Task:
Show every line of the records below that contains the word "Bosch".

Data listing:
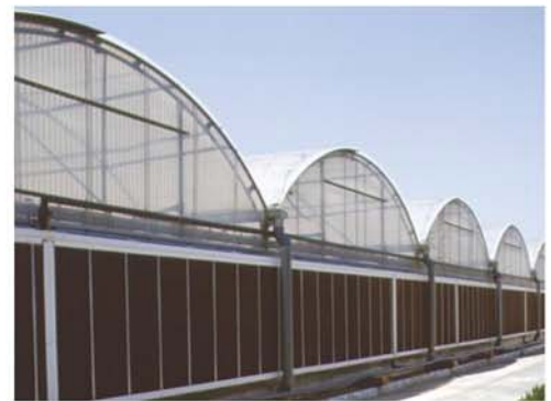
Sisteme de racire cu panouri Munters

--

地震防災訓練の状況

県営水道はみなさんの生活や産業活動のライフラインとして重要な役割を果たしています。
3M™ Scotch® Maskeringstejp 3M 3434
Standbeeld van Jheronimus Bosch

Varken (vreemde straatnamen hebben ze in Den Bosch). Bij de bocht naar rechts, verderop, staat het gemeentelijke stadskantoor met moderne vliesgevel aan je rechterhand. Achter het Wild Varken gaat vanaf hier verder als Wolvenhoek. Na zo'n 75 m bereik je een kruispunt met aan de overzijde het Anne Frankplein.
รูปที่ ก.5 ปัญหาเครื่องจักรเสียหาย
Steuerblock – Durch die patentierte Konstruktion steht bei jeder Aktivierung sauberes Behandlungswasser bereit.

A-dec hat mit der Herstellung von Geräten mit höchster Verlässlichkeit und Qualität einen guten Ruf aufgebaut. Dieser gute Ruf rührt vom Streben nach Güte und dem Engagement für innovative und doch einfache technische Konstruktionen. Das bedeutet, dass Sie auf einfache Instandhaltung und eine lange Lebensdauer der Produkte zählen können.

--

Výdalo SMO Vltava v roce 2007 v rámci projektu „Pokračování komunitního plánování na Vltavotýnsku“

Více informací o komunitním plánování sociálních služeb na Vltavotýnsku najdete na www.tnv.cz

Response to the exercise:
Standbeeld van Jheronimus Bosch
Varken (vreemde straatnamen hebben ze in Den Bosch). Bij de bocht naar rechts, verderop, staat het gemeentelijke stadskantoor met moderne vliesgevel aan je rechterhand. Achter het Wild Varken gaat vanaf hier verder als Wolvenhoek. Na zo'n 75 m bereik je een kruispunt met aan de overzijde het Anne Frankplein.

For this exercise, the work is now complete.